We report on the recently developed technique of magnetic-field-dependent small-angle neutron scattering (SANS), with attention to bulk ferromagnets exhibiting random magnetic anisotropy. In these materials, the various magnetic anisotropy fields (magnetocrystalline, magnetoelastic, and/or magnetostatic in origin) perturb the perfectly parallel spin alignment of the idealized ferromagnetic state. By varying the applied magnetic field, one can control one of the ordering terms which competes with the above-mentioned perturbing fields. Experiments which explore the ensuing reaction of the magnetization will therefore provide information not only on the field-dependent spin structure but, importantly, on the underlying magnetic interaction terms. This strategy, which underlies conventional studies of hysteresis loops in magnetometry, is here combined with magnetic SANS. While magnetometry generally records only a single scalar quantity, the integral magnetization, SANS provides access to a vastly richer data set, the Fourier spectrum of the response of the spin system as a function of the magnitude and orientation of the wave vector. The required data-analysis procedures have recently been established, and experiments on a number of magnetic materials, mostly nanocrystalline or nanocomposite metals, have been reported. Here, we summarize the theory of magnetic-field-dependent SANS along with the underlying description of random anisotropy magnets by micromagnetic theory.
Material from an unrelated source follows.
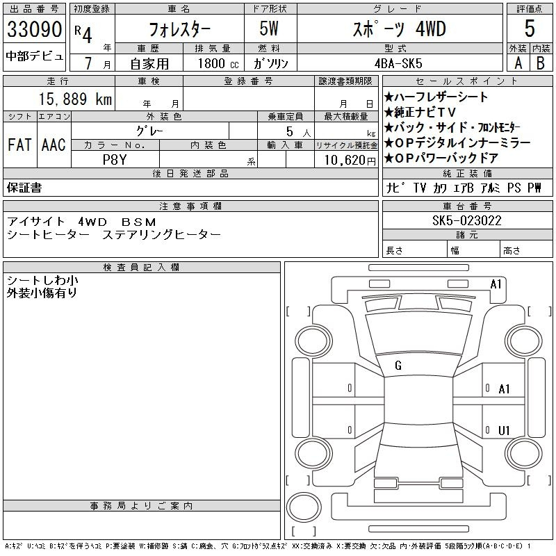 Subaru Forester, 2022 года - Лот№33090 ★5

We review experiments which have explored the magnetic interaction parameters, the value of the exchange-stiffness constant as well as the Fourier components of the magnetic anisotropy field and of the magnetostatic stray field. A model-independent approach, based on the experimental autocorrelation function of the spin misalignment, provides access to the characteristic length of the spin misalignment. The field dependence of this quantity is in quantitative agreement with the predictions of micromagnetic theory. Experiments on nanocomposite ferromagnets reveal that the jump of the magnetization at internal phase boundaries leads to a significant magnetostatic perturbing field, with an unusual 'clover-leaf' SANS pattern as the experimental signature. Furthermore, SANS experiments have been used to monitor the orientation of magnetic domains as well as the length scale of intradomain spin misalignment.